On the homotopy types of $\mathrm{Sp}(n)$ gauge groups

TL;DR

This paper refines the classification of homotopy types of gauge groups of principal Sp(n)-bundles over S^4, relating it to Samelson products and classifying p-local types under specific conditions.

Contribution

It improves previous results on the homotopy types of Sp(n) gauge groups and connects these types with Samelson products, providing a detailed p-local classification.

Findings

Refined the homotopy classification of gauge groups of Sp(n) bundles.

Connected homotopy types with the order of Samelson products in Sp(n).

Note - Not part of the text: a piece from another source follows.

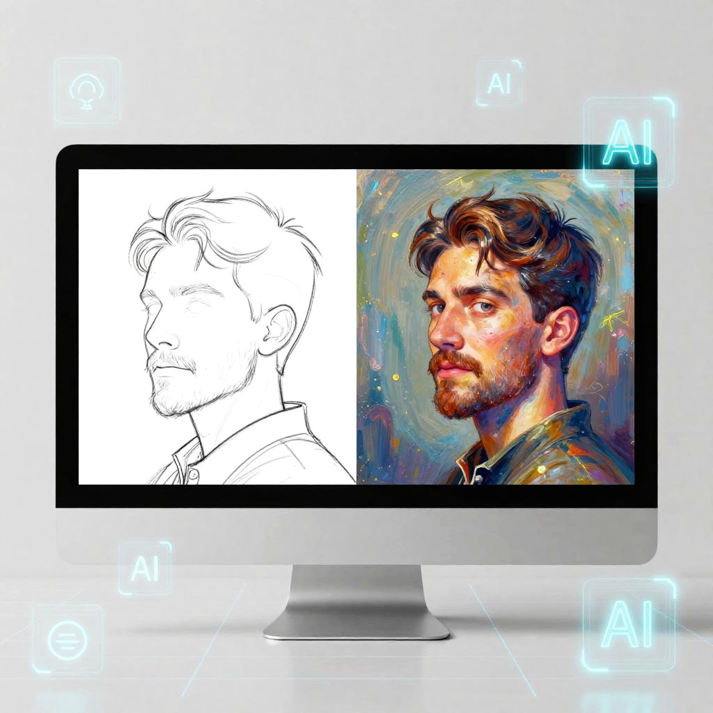 Sketch to image AI online concept, a modern computer screen showing a split view of a simple black-and-white outline transforming seamlessly into a detailed colorful painting, surrounded by virtual AI icons, futuristic design with glowing grids and holographic effects

Classified p-local homotopy types for certain primes and n.

Abstract

Let $\mathcal{G}_{k,n}$ be the gauge group of the principal $\mathrm{Sp}(n)$-bundle over $S^4$ corresponding to $k\in\mathbb{Z}\cong\pi_3(\mathrm{Sp}(n))$. We refine the result of Sutherland on the homotopy types of $\mathcal{G}_{k,n}$ and relate it with the order of a certain Samelson product in $\mathrm{Sp}(n)$. Then we classify the $p$-local homotopy types of $\mathcal{G}_{k,n}$ for $(p-1)^2+1\ge 2n$.